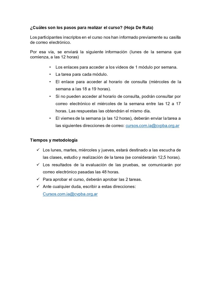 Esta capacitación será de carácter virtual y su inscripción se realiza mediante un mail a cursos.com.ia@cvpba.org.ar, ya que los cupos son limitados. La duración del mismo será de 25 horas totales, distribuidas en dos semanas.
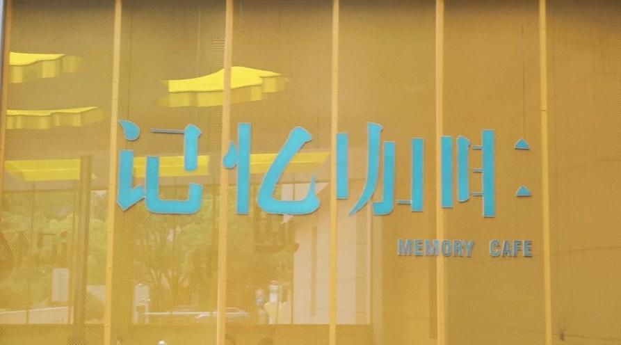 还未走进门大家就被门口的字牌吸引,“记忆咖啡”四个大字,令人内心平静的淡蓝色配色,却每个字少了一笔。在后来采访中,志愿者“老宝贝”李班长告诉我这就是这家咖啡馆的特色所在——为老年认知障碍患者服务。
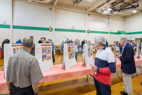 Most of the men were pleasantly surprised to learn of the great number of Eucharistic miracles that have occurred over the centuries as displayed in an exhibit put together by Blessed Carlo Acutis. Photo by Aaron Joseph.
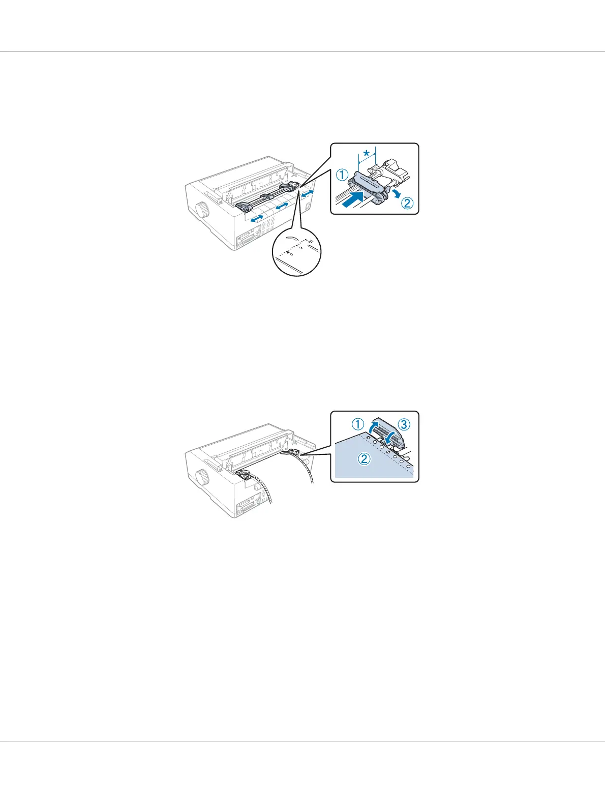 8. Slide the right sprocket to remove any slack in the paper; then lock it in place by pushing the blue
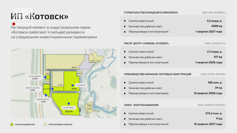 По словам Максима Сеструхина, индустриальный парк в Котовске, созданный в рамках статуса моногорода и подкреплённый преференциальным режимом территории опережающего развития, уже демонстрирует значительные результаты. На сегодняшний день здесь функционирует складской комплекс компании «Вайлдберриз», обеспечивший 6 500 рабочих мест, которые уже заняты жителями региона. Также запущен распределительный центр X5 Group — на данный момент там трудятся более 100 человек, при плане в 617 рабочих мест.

○ ○ ○

▶ _AIM OF THE EXERCISE_: In the data above, take the line with "还未走进门大家就被门口的字牌", the line with "8. Slide the", and every line between, and set them down exactly without pictures.

▶ _RESULT_:
 还未走进门大家就被门口的字牌吸引,“记忆咖啡”四个大字,令人内心平静的淡蓝色配色,却每个字少了一笔。在后来采访中,志愿者“老宝贝”李班长告诉我这就是这家咖啡馆的特色所在——为老年认知障碍患者服务。
 Most of the men were pleasantly surprised to learn of the great number of Eucharistic miracles that have occurred over the centuries as displayed in an exhibit put together by Blessed Carlo Acutis. Photo by Aaron Joseph.
 8. Slide the right sprocket to remove any slack in the paper; then lock it in place by pushing the blue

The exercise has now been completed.